*** Opening Data ***
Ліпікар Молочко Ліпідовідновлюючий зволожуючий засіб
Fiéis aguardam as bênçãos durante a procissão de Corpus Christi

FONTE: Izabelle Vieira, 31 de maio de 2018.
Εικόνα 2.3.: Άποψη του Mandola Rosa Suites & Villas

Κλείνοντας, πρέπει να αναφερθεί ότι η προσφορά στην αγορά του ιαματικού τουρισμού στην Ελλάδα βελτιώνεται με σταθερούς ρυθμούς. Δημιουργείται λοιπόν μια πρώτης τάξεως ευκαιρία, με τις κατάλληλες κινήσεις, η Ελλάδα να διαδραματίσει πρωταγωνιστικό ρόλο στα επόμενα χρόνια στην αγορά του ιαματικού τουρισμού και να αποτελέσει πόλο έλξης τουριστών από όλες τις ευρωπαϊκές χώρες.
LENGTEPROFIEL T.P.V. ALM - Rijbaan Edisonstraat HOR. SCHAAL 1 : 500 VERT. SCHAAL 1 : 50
*** Closing Data ***
*** Opening Data ***
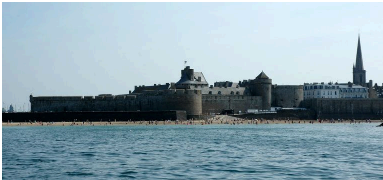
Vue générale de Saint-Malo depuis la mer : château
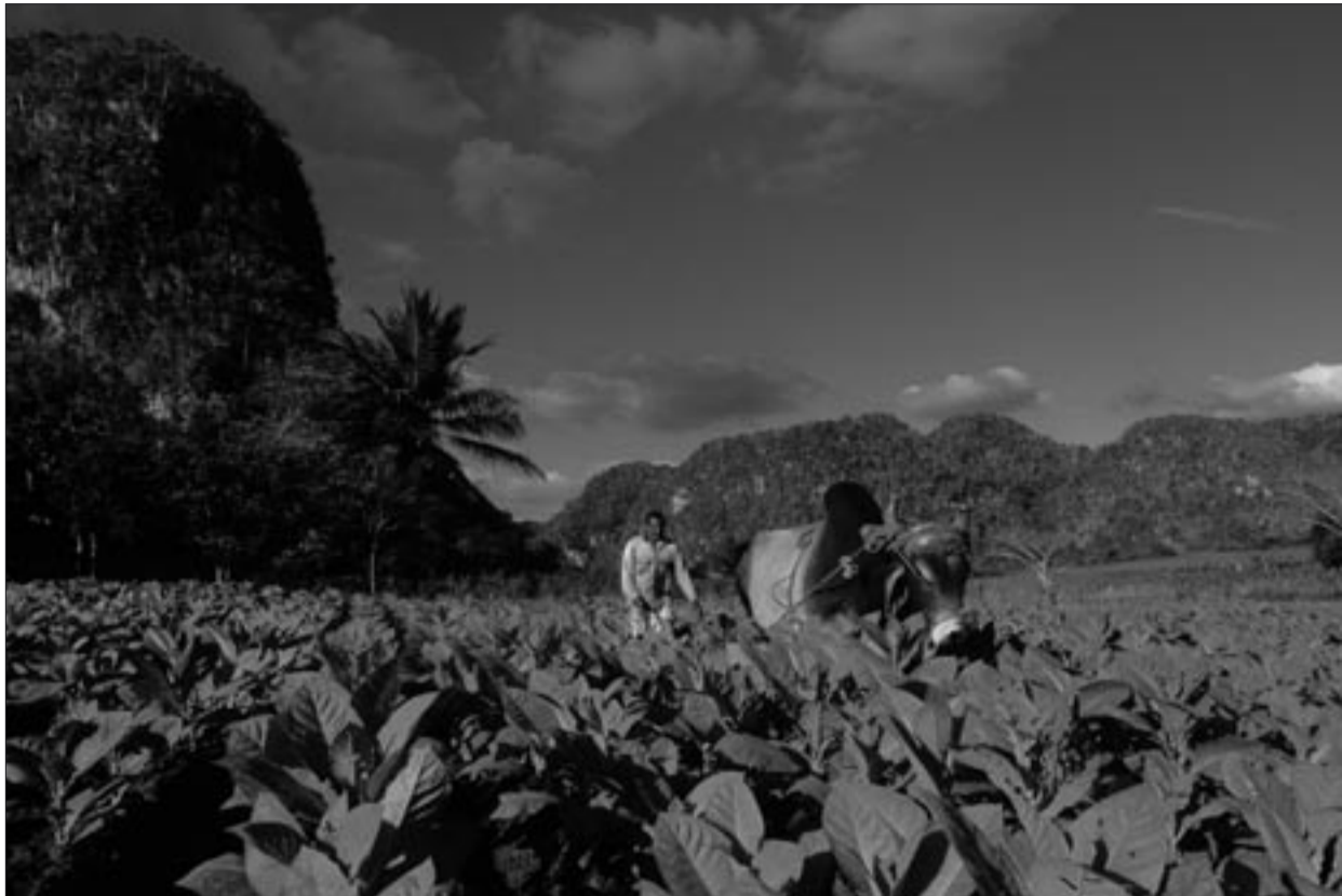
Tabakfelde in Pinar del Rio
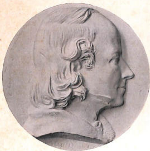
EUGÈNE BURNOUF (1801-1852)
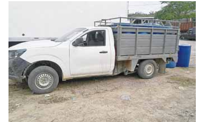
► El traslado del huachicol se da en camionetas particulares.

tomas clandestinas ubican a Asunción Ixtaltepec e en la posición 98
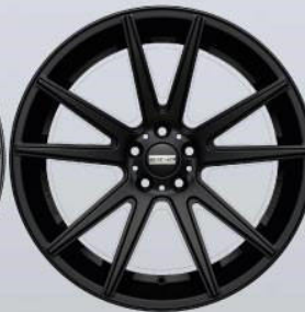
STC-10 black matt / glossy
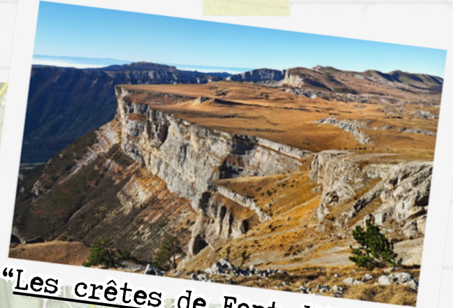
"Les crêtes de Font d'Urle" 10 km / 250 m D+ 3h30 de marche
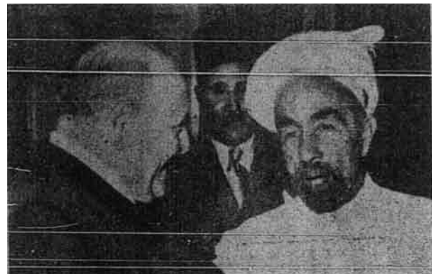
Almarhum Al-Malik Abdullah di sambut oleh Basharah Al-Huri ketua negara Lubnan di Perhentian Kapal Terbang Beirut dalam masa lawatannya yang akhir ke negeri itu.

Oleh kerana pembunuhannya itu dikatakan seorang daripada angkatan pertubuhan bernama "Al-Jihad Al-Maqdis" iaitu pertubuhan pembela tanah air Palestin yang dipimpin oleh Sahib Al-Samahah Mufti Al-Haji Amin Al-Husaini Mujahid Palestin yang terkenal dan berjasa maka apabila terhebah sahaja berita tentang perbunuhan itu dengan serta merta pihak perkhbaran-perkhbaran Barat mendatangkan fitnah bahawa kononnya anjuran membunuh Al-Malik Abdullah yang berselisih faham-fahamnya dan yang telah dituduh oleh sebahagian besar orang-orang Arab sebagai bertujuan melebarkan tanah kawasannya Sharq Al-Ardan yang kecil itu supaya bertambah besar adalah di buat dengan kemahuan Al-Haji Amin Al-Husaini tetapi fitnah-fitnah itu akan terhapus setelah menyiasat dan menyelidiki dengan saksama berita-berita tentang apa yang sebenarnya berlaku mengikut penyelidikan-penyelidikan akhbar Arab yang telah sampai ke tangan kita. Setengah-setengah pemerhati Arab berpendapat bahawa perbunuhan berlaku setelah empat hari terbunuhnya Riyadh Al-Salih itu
*** Closing Data ***
Starting with the line that has "tomas clandestinas ubican" and ending with the line that has "Almarhum Al-Malik Abdullah", repeat the lines above exactly, omitting every picture.

tomas clandestinas ubican a Asunción Ixtaltepec e en la posición 98
STC-10 black matt / glossy
"Les crêtes de Font d'Urle" 10 km / 250 m D+ 3h30 de marche
Almarhum Al-Malik Abdullah di sambut oleh Basharah Al-Huri ketua negara Lubnan di Perhentian Kapal Terbang Beirut dalam masa lawatannya yang akhir ke negeri itu.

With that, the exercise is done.